Playful, experimental, jazz-influenced, the poems in Sean Singer’s Discography delight in sound and approach the more abstract pleasures of music. Singer takes as his subjects music, jazz figures, and historical events. Series judge W. S. Merwin praises Singer for his “roving demands on his language” and “the quick-changes of his invention in search of some provisional rightness.”
Sean Singer’s first book Discography won the 2001 Yale Series of Younger Poets Prize, selected by W.S. Merwin, and the Norma Farber First Book Award from the Poetry Society of America. He is also the recipient of a Fellowship from the National Endowment for the Arts. He lives in Harlem, New York City.
Sean was my Professor of Advanced Poetry at Hunter College. He was not only an amazing poet, but also an amazing critic. Love his love of jazz. An old soul trapped in the mind of a young, (re)fresh(ing) voice. If you love music, you'll dance in between his words.
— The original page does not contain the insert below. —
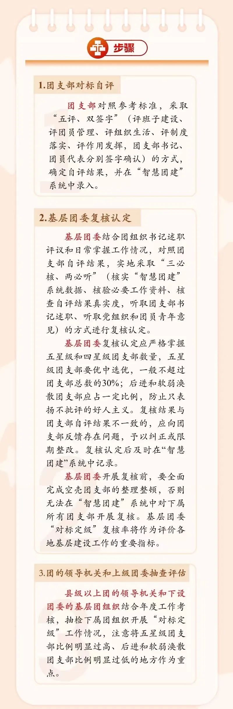县级以上团的领导机关和下设团委的基层团组织结合年度工作考核,抽检下属团组织开展“对标定级”工作情况,注意将五星级团支部比例明显过高、后进和软弱涣散团支部比例明显过低的地方作为重点。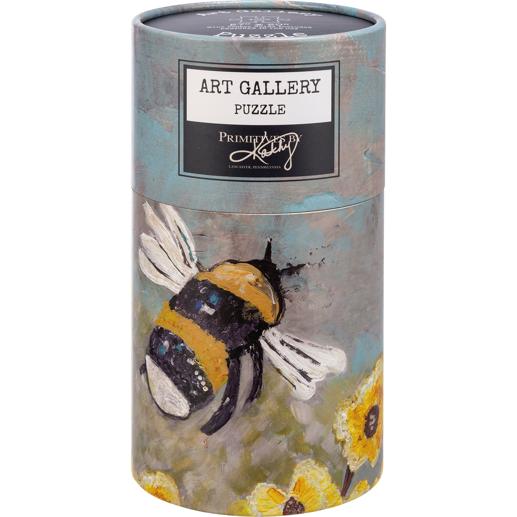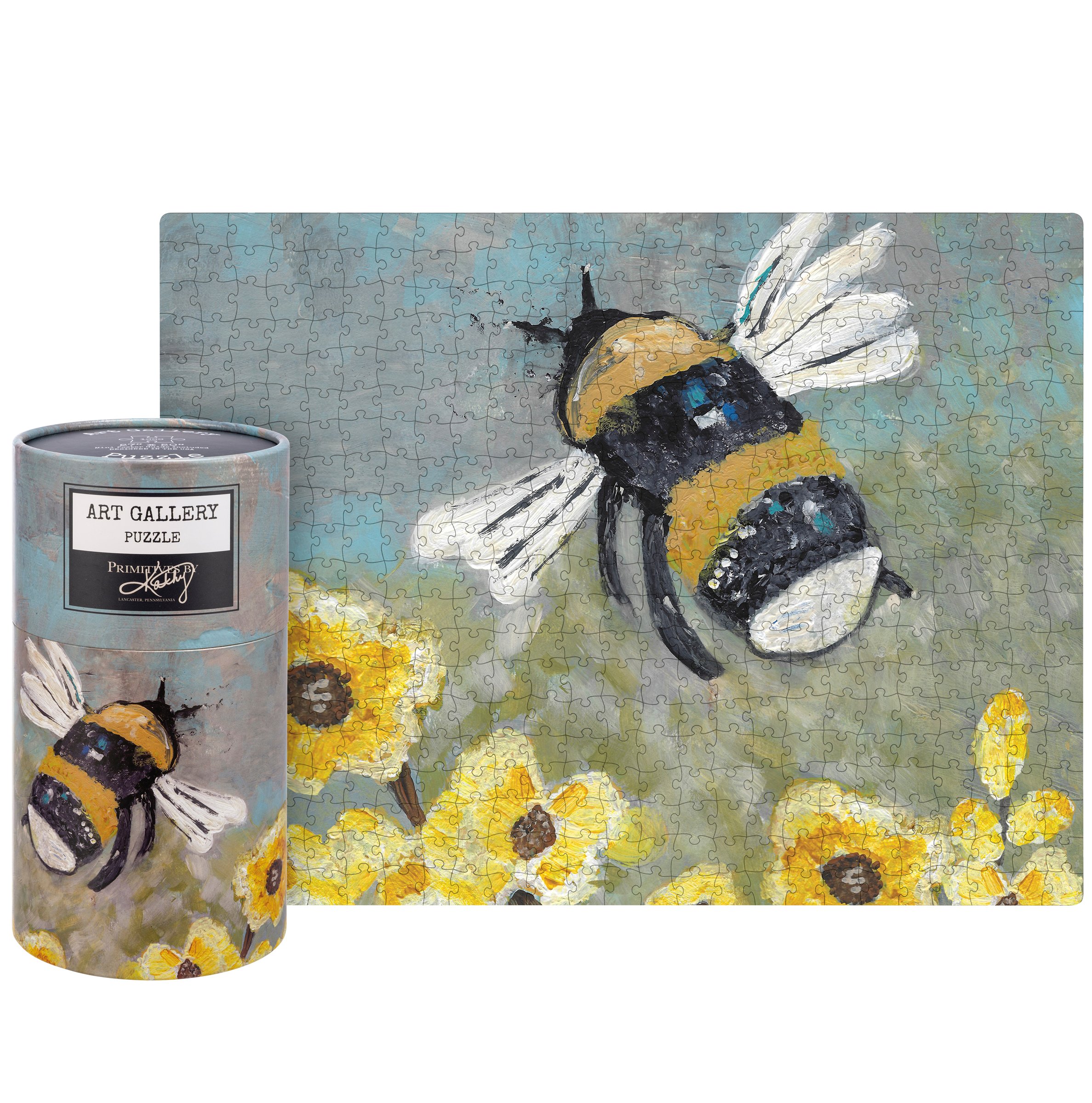 A 1,000 piece puzzle featuring bumblebee and sunflower designs. Design is replicated from original art created at the Friendship Heart Gallery in downtown Lancaster, PA by artists with intellectual disabilities and autism. Puzzle pieces are packaged in a resealable plastic bag and enclosed in a cylindrical box with a full wrap-around design and a descriptive "Art Gallery Puzzle" sentiment on lid. Our Bumblebee puzzle includes a 10" x 8" printout of full puzzle image for reference.

Disclaimer: I've "known" the author for a number of years as a fellow member of the Jazz-L mailing list. That said, I voice no personal bias in touting the engaging beauty of this collection. Sean is one of the most gifted young American poets I have ever encountered, and his love of jazz and the arts is echoed marvelously in this collection. Creative wordplay and a deep gift for imagery make this a keeper.
As a musician myself, I appreciated all the music related vocabulary, and sometimes the Gertrude-Stein like nonsense words that served more a rhythmic, musical purpose. However, the poems that touched me the most were the ones in which it became more grounded, such as "Who Can Sy the Bottles of Heaven", "Loss" (both of them), "The Gift," and "'Dear heart, how like you this?'". The loss and loneliness that appeared in many of these poems felt more real, and while the jazzy bebop word passages gave a lightness and playful tone to the overarching themes, there is less of a desire to return to those pieces once they were done (they feel like one-offs), whereas his grounded poems I want to come back to and feel those feelings again. Overall though, props for the way it challenged me and was inventive and I can see how it won the Yale Series of Younger Poets award. I’d be curious to read some of his other poetry collections and see if this playful nonsense verse still permeates, or if it ditches the abstract music-based play for more real life insights.
I picked up this collection of poetry at a used bookstore in Texas, partly because the forward is by W. S. Merwin, a poet I admire and have read for over 50 years. After reading the book and finding most of the poems rather obscure, I still think that Merwin's forward may have been a good reason to purchase this one.
The poems in the first half of Discography are music-themed; I read that section quickly. After a long break, I read the second half of the book more slowly, a poem or two at a time. These are rich poems, but they're not "easy." Singer reminds me of Wallace Stevens - not that there is much superficial similarity between their poetry, but because Singer's use of language is sometimes as dense and enigmatic as that of Stevens.
There's much beauty here; some of it feels just out of my reach. Nothing wrong with that - I look forward to reading these poems again.